Overall, this crude workflow utilizing available databases shows that a computational antibiotics susceptibility profile can be derived with some accuracy by combining next generation genome sequencing with further computational analysis, but it definitely still needs a critical experienced doctor who further scrutinizes and selects the most suitable treatment according to the circumstances of the infected patient as well as includes any new clinical findings on drug responses of the respective strain.

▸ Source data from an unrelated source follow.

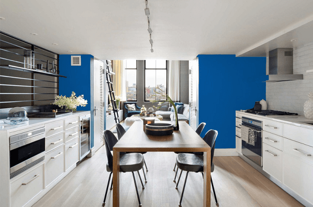 運用琥珀藍(lán)與珊瑚橘對比色碰撞出沖擊力的色彩力量,一般的居宅大多會以低彩度的色調(diào)創(chuàng)造出寧靜感,而橘色的存在則可以反轉(zhuǎn)這樣的調(diào)性,創(chuàng)造視覺亮點。
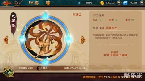 最后再为大家介绍一个卡桑最爱使用的神兽,它就是【九尾狐】。九尾狐的专属技能为“灵狐冲击”,召唤它将会对前方范围内敌人造成多段伤害,并可以在10秒内提高主将的暴击率!暴击是多么恐怖相信体验过的玩家都懂,所以卡桑建议在战斗时带一只九尾狐,万一一个暴击就把敌人一刀斩杀了呢~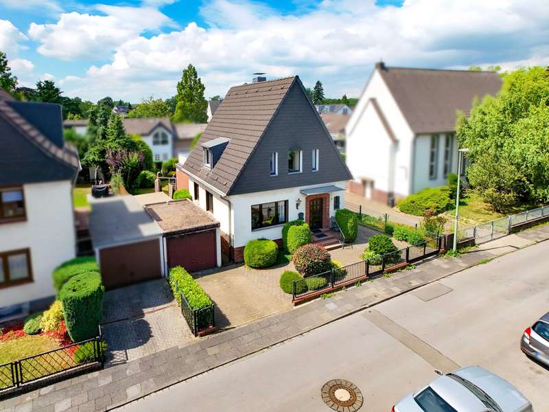 **Detached house within walking distance of the 6-Seen-Platte** The detached family home on offer here is located in an attractive and quiet residential area with optimal infrastructure. The proximity to the popular 6-Seen-Platte as well as the convenient connections to the S1, the A59 highway and short distances to various shopping facilities ensure a high level of living quality. The house, built in 1958, offers a living space of approx. 138 m² and stands on a spacious plot of approx. 564 m². The plot is attractively laid out and has ample space for leisure activities, gardening or as a safe play area for children. Two garages and two additional parking spaces offer convenient parking directly on the property. The property was previously used as a two-family house and therefore offers a wide range of possible uses: In addition to the classic single-family home, use as a two-family home is just as conceivable as a multi-generational home or for a combination of living and working. The 2 units are currently technically separated from each other, with each unit having its own gas heating. While the gas heating for the first floor offers a central hot water supply, the hot water in the upper unit is currently provided by instantaneous water heaters. This ensures a high degree of flexibility of use. The room layout is well thought-out and practical: there are five rooms in total, including four bedrooms/offices and two bathrooms. This layout is suitable for families with children as well as for couples looking for a home office or guest room. The condition of the house largely corresponds to the year of construction. The property is in need of modernization, but at the same time offers the opportunity to realize individual living dreams according to your own ideas. Important trades have already been renewed: the roof was completely re-roofed, insulated and fitted with a vapor barrier in 2004. Around 34 m² of new flooring was professionally laid on the first floor in 2014. The extension from 1976 is insulated. Also worth highlighting is the area with a full basement, which offers additional usable space with a pleasant ceiling height. This area is ideal as a storage room, hobby area or workshop. The property's location combines tranquillity with good transport links. The 6-lake plateau is within walking distance and offers a wide range of leisure activities in the countryside, while cities such as Duisburg and Düsseldorf are within easy reach. We will be happy to provide you with further information and cordially invite you to view the property in person to form your own impression of the many possibilities it offers.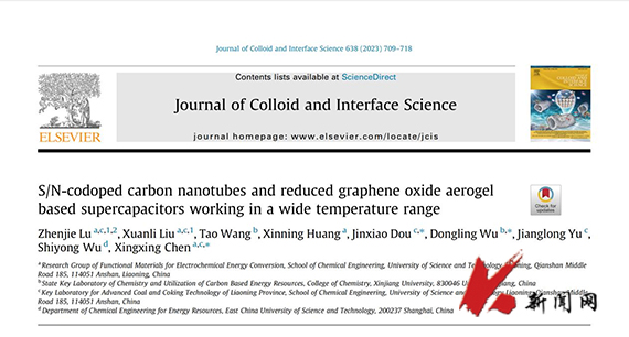 近日,8xbet手机客户端化学工程学院“清洁能源与燃料化学”导学团队依托先进煤焦化技术省重点实验室,在非常温超级电容器研究领域取得重要进展,研究成果在《Journal of Colloid and Interface Science》期刊上发表。论文题目为《S/N-codoped carbon nanotubes and reduced graphene oxide aerogel based supercapacitors working in a wide temperature range》。论文第一作者为2022届硕士毕业生卢振杰,通讯作者分别为“清洁能源与燃料化学”导学团队的窦金孝副教授、陈星星教授以及新疆大学吴冬玲教授,8xbet手机客户端为第一通讯单位。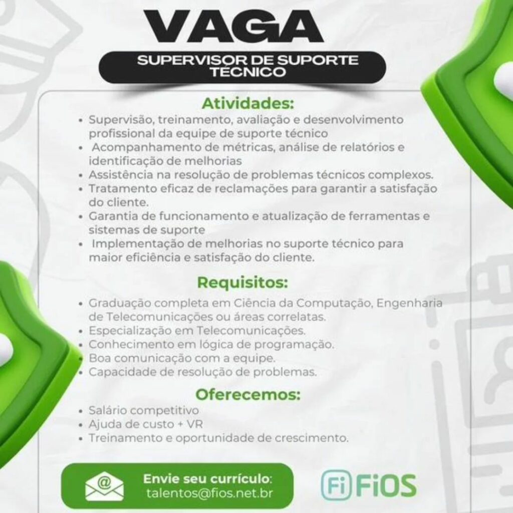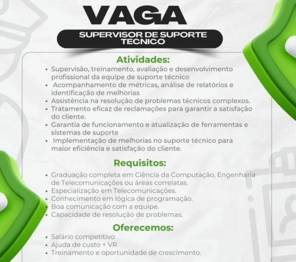 Seleção para vaga de Gerente comercial, Supervisor de suporte técnico; Envie seu currículo!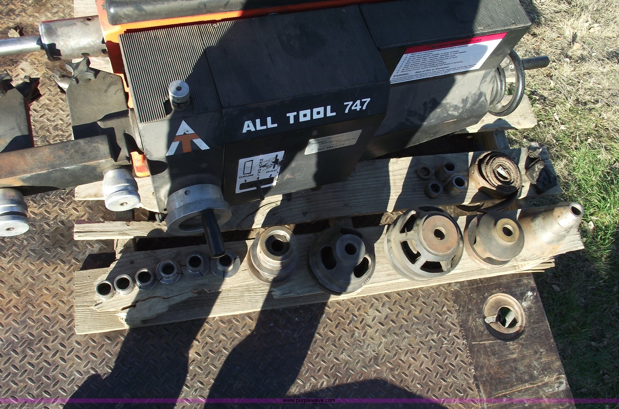 Purple Wave is selling a used Tools in Missouri. This item is a All Tool 747 brake lathe with the following: Work light and stand included, All accessories included, 110V, single phase, Serial 0496105347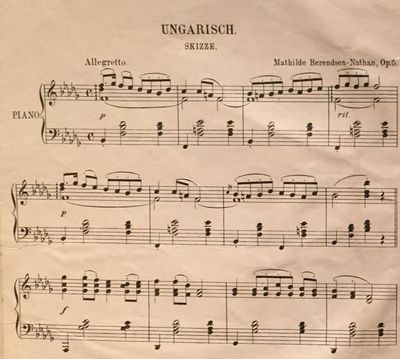 Mathilde Berendsen Nathan studerte piano hos nordmannen Edmund Neupert (f. 1842 i Christiania) ved Det Kongelige Danske Musikkonservatorium i København og fikk etterkvart reisestipend for vidare studiar i Paris, der ho var elev av Madame Rabaud. Ho heldt konsertar både i København og Paris, og etterkvart òg i Brødrene Hals sin konsertsal i Kristiania. Ho trappa ned konsertverksamheita — det seiest at det var etter påtrykk frå mannen — og konsentrerte seg meir om komposisjon for klaver.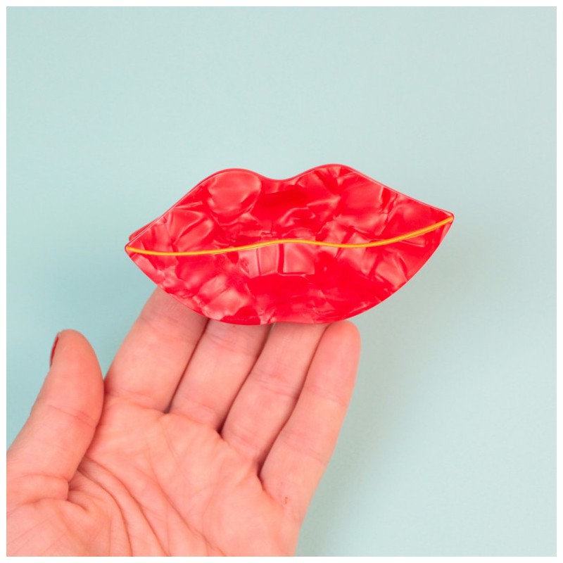 Une belle pince à cheveux en forme de bouche rouge pulpeuse à souhait à clipser dans vos cheveux pour égayer une tenue un poil trop sage.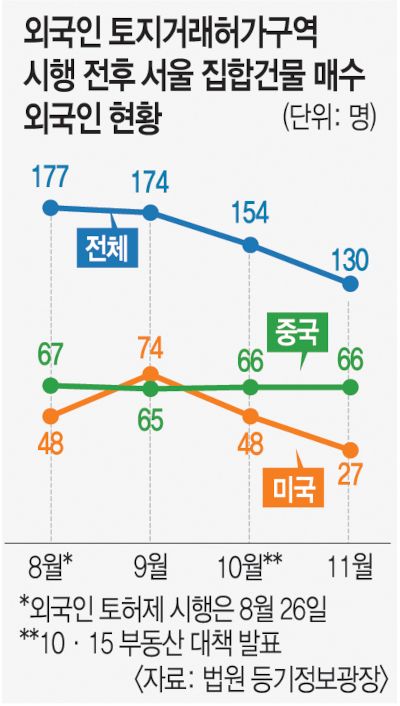 실상은 별다른 영향을 미치지 않은 것으로 분석된다. 외국인 토허제 시행 직후 한 달간은 매수세 변화가 크지 않았다(8월 177명→9월 174명). 이 기간 미국인 매수자는 오히려 늘었다(48→74명). 10·15 대책 이후 시장에 관망세로 접어들자 외국인 매수자도 10월(154명)과 11월(130명)에 감소세를 보였다. 박원갑 KB국민은행 부동산수석전문위원은 “중국인 등 외국인의 국내 부동산 매수 비중은 크지 않아 시장에 영향을 끼치긴 어렵다. 여론이 확대되며 부풀려진 측면이 있다”고 말했다.

Bacterial communication and cooperation in health and disease

The analysis of human microbiomes and small bacterial communities causing multi-bacterial diseases are among the most challenging and intriguing tasks of medical genome research today[5961] also including the field of plant diseases[62]. The discovery of chemical communication among bacteria in the 1990s has fundamentally changed the traditional view that pictures bacteria as single-celled organisms living in isolation[6366]. In the last fifteen years, it has become increasingly evident that bacteria have the potential to establish highly complex communities. Many microbes live in large, multispecies communities in which the participants jointly exploit the resources. Multispecies microbial consortia constitute a major form of life that is found in environments ranging from high-altitude mountains (more than 8 km above sea level) to more than 10 km below the surface of the oceans, and have always been among the most important members and maintainers of the planet's ecosystem. The medical importance of this phenomenon is sweeping. Opportunistic pathogenes, such as Pseudonomas and Burkholderia species abound in hospital environments, ready to attack patients weakened by disease or injury. For instance, Pseudomonas aeruginosa usually does not harm a healthy human organism, but can be lethal in the lung of cystic fibrosis (CF) patients, or in burn wounds[67].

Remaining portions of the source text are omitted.